Turning back to page 2, number 5, it says “inter-governmental agreements are respected and full advantage is taken of opportunities for co-ordination...”, etc. We go back to the appendix and it refers, I believe, to accords in here: “...and other accords entered into by Canada...”. Would this include the harmonization accord that has been negotiated by the federal and provincial governments on environmental management—on inspection, on standard-setting, on environmental impact assessment?

Mr. Richard Foserooke: We presume so, yes.

Mrs. Karen Kraft Sloan: So does this mean the harmonization accord would take primacy over the regulatory-making power in CEPA?

Mr. Richard Foserooke: The law comes first. It's my understanding that CEPA now has precedence over any policy. If there's a law, the law has primacy.

Mrs. Karen Kraft Sloan: So what if CEPA decided to do something that would appear to be a violation of the WTO?

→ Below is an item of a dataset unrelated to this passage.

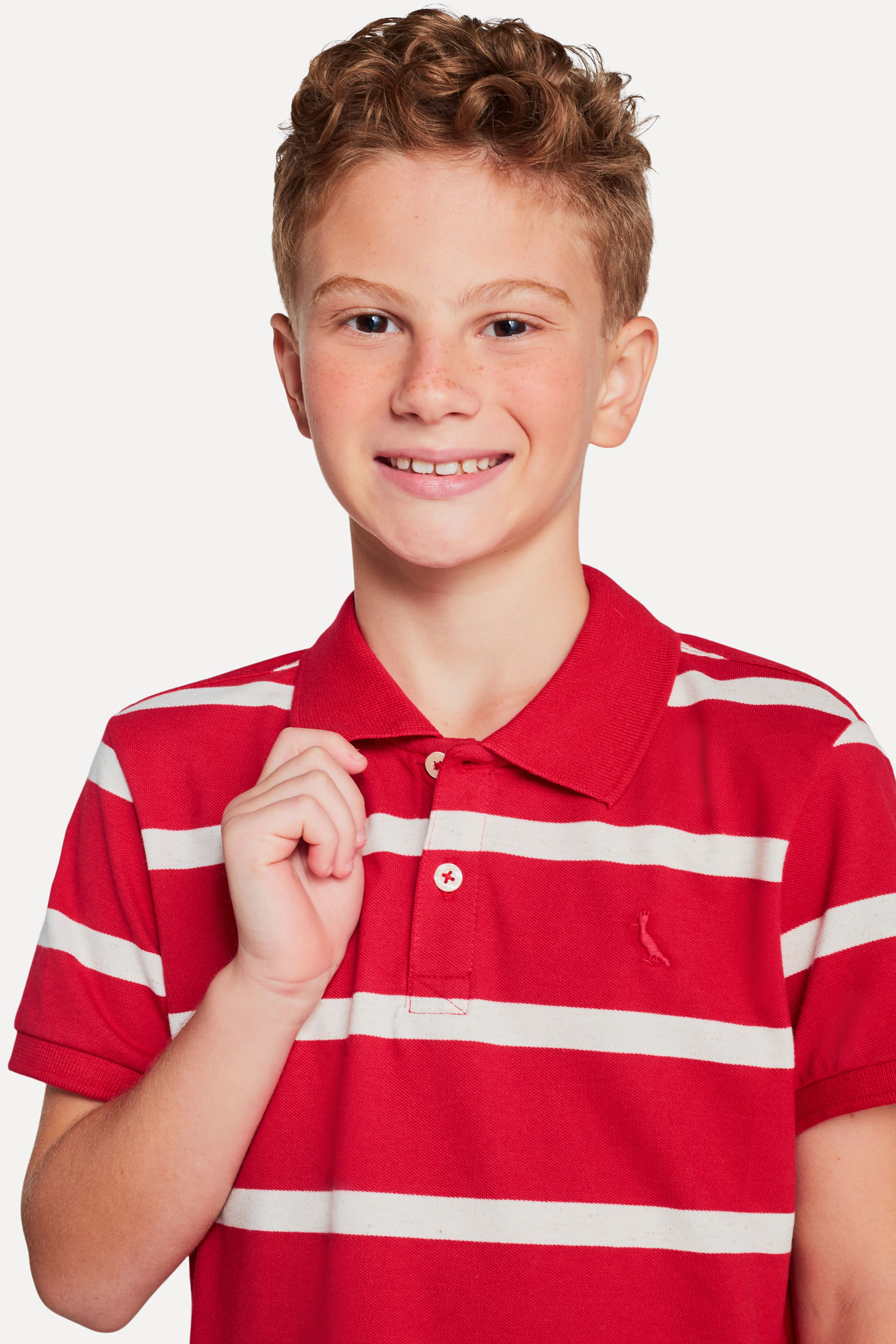 Camisa da linha infantil Reserva Mini. O modelo polo é em malha piquet com listras largas. Possui gola e punhos em malha canelada e o pica-pau bordado é na mesma cor da peça. Coringa e atemporal! Produzido eticamente no Brasil. Comprando esta peça, você complementa cinco pratos de comida através do nosso programa 1P=5P.

Mr. Richard Foserooke: There you have two laws, and under those particular circumstances, I think what we usually try to do, if I can think of past experience, is work out the situation so that the obligations under both laws are respected.

Mrs. Karen Kraft Sloan: Okay, thank you.

The Chairman: You can come back to a third round if you like.

Mr. Lincoln, followed by Madame Torsney.

Mr. Clifford Lincoln (Lac-Saint-Louis, Lib.): I'd like to ask a general question in regard to the impact of legislation with or without regulation.

Would you agree that this bill, without regulations, is really a shell? It's nice—it looks very thick and it's a nice piece of paper.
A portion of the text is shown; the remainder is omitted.